Arkoosh won’t be facing a popular incumbent, like Balukoff did.

But Labrador has name recognition, and he’ll likely be well-funded. The Club for Growth PAC spent $281,996 on broadcast advertisements attacking Wasden, according to the Idaho Capital Sun.

Labrador received 140,585 votes in the primary, or 52% of the vote, to Wasden’s 104,000 votes, or 38%, even with third candidate Art Macomber 11% taking away from Labrador’s anti-Wasden vote total. Labrador received the second-highest vote total of all Republicans with opponents in the Republican primary, behind only Gov. Brad Little’s landslide in his race.

As Arkoosh pointed out to me, “many of the other extremists lost” in the Republican closed primary, which is a limited snapshot of the overall voters who will cast ballots in November.

“The Republican Party is fractured,” Arkoosh told me afterwards. “And my opponent represents the extreme in that party. And I’m counting on getting Republicans who want an attorney general invested not in extremism but in the rule of law to vote for me.”
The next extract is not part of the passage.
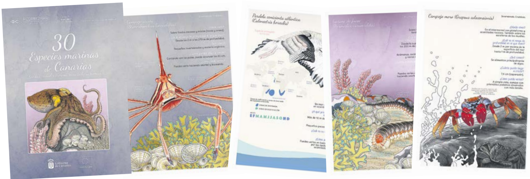
Diversas ilustraciones que contiene la guía.

que has conocido en el libro o al revés, si se reconocen en la obra las que se ven en el medio marino, pero separarnos del medio no nos ayuda a entender la interacción entre las especies y la naturaleza”.

Will those anti-extremist Republican voters cast their votes for Arkoosh in enough numbers to join unaffiliated and Democratic voters to push Arkoosh over the finish line?

It’s a tall order.

But Ysursa hopes more Republicans will take his view of this race.

“Being a lifelong Republican, it’s not easy to endorse a Democrat attorney general candidate,” Ysursa said. “But the rule of law is under attack, constant attack, both at the national level and the state level. ... Idahoans deserve and expect in their attorney general a good lawyer, not a good politician.”